Nearing home, the path was dotted with old tracks joining our own—here whitetail deer, here a lone dog walker. And yet, as we followed the footprints back toward home, we couldn’t help but think them a temporary thing, the walls of 180 foot Ponderosa Pine, White Pine, Grand Fir, and Western Larch closing behind us as soon as we stepped through them.

a newborn foal
steps lightly
toward the snow fence

But as we rounded the corner, our house appeared and the world grew smaller. After we set our snowy boots by the heater and piled our coats in the closet, we gathered around the kitchen table to laugh and tell stories of other days—other hikes, other climbs. Old hailstorms, old sunburns, old broken twigs that snagged at our packs. The day’s icy breeze all but forgotten, we breathed, instead, the steam from soup bowls. The windows began to thicken, darkening to solid panes hanging motionless behind the couch. And before I knew it, I was slipping into my cozy bed, eager for the kind of dreamless sleep that follows.

summer windows wide—
we sleep and wake
to the old brook’s babble

It wasn’t until the next day that we heard of the earthquake in Japan, nearly 5,000 miles away. Two fronts: here the river’s familiar rush; there the seismic thundering, like the pounding hoofs of a coming army, and the following spread of the tsunami’s tide. We spent the whole day watching the terrible, terrible videos, as if humans could capture its shape.

Earth rises up—
the road’s border

 *   *   *

November 17, 2011


I am reading about disaster. They say the Tohoku earthquake has made our days shorter. It has jolted the whole Earth, redistributed mass, and changed the planet’s axis. We wobble different. We don’t notice it, but we spin faster.

and reimagining
the seawall’s height

I close the book and take a break outside. Snow has fallen. I do not feel like trudging through it. I packed away my clunky boots last year and have not had the heart to dig them out yet. I guess I’m clinging to the hope that the last few years really were abnormal—that the usual winter weather really is milder. Even the librarian said winters haven’t been like this around here since she was a kid.

watching home movies—
mother tries to outwait
the fast-paced blizzard

Or maybe I’ll just get used to it—so the cold and snow will no longer shock me. I forgo my usual route on the unplowed, paved bike path and walk up the road instead. Not as abandoned as a fire road, but still, a road that remains impassable for a large part of the year. Today, I follow tire tracks.

the squirrel’s scamper
frozen white

It is odd—uncanny. I am a hundred feet southwest of my normal path—a path I have walked so many times that I have memorized every bend, every crest, nearly every tree branch and pine needle lining its sides. I try to figure out how far I have walked by recognizing landmarks, but my “open field” looks like a small lawn from here. My “big rock” is barely visible. The other end of my “steep deer trail” is nowhere to be seen. There are different tree stumps—different hills. The few places where I can see my path through the trees, it seems so high up, so level. I am only feet away, but everything is just different enough to unnerve me.
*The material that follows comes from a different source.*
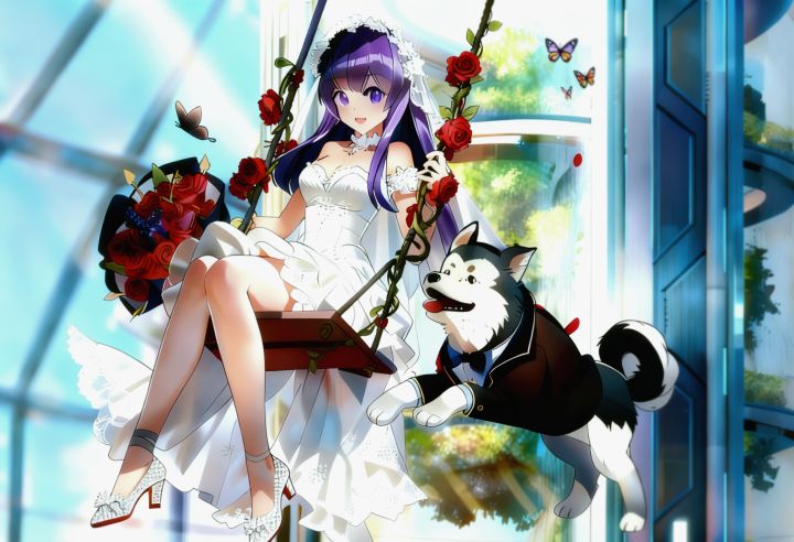 #绿洲女神大赛 玫瑰缠绕的秋千上,紫发少女指尖轻碰花枝,裙摆随微风轻晃——她是冒险家小纯,身边永远跟着穿礼服的猎犬哈尔。“比起和人打交道,还是哈尔更可靠~”她笑着把玫瑰别在哈尔的领结上,眼底的狡黠藏不住冒险途中的鲜活。#如果说冒险是她的勋章,那哈尔就是她最柔软的铠甲。这样带着玫瑰香气的冒险家小姐,谁能不心动?

It is like going inside your neighbor’s house for the first time. Based on their pristine mailbox and tidy windows, you had not expected the clutter. This dark and ugly, grey brick around the fireplace. And what is that strange smell?

my shadow

I am happy to be home. I will find my boots for tomorrow.

my signature
what you know

*   *   *

March 11, 2012


a controlled burn—
clearing the garden
of old weeds

The river ebbs and flows. Floods every spring. It feels strange, after last year’s devastation, that everything’s so unchanged. I still smile. I still hike the same path.
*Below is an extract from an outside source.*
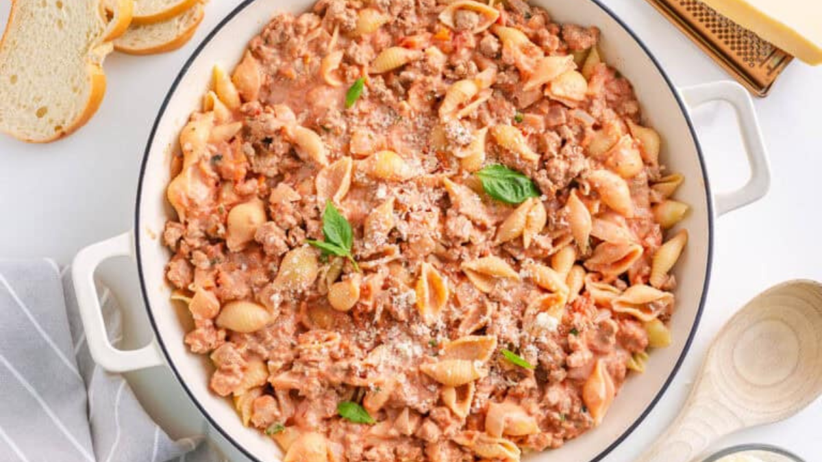 This easy Creamy Beef and Shells recipe comes together in under an hour and uses just a few simple ingredients. Tender pasta shells, seasoned ground beef, and a rich, creamy tomato sauce, finished with cheddar and parmesan, make this a cozy, satisfying dinner perfect for waiting for the ball to drop.

Note—the same exposed roots that appeared last March. The same fallen trees. The island where the river braids, the planes of flooded grass, the banks of dried mud. The same water stained snag full of woodpecker holes—marking the strength of the river’s surge.

Only maybe that one tree, further up the river, has slid down the muddy slope this spring instead of last. We had not gone this far last year. It is hard to tell, but its needles are so green—and no moss drips from its underside.

And there are other changes. Men came with a dump truck and re-graveled the path. The large, fallen yellow pine that had blocked the trail is now sawed in half. And the flood-carried, old tree trunk that had been left hanging so precariously, spectacularly, wedged, bridging the riverbanks after the waters receded, is now gone.

cracked footprints
in spring rain

No. This is it, swept half a mile downstream, moored in the grassy floodplain.

shadows too

It is so much warmer than it was this same time last year, but as the sun sets, a bone-chill follows. The river, the trees, all give up their heat in a ghostly fog. A keening, a swan song in the cold night. But eventually winter will lose the battle—summer will win. It always does.

red in the morning—
this spring heat
is earthquake weather

I hurry home through the river’s valley, the fog thickening. The darkness thickening. Fog, more fog, and instead of the trees, instead of the hills and mountain, I can see only a single floating light—a beacon that I had never noticed before. It must be a porch light—a hidden house. As I walk the wending path, the light disappears, then reappears. I am tired. I am thirsty. I am done with this. I keep heading toward the light, the same direction as my own home. Toward civilization. I trudge onward—blindly through the hills I reason must be periodically blocking my view—my savior—that lone, shining spot.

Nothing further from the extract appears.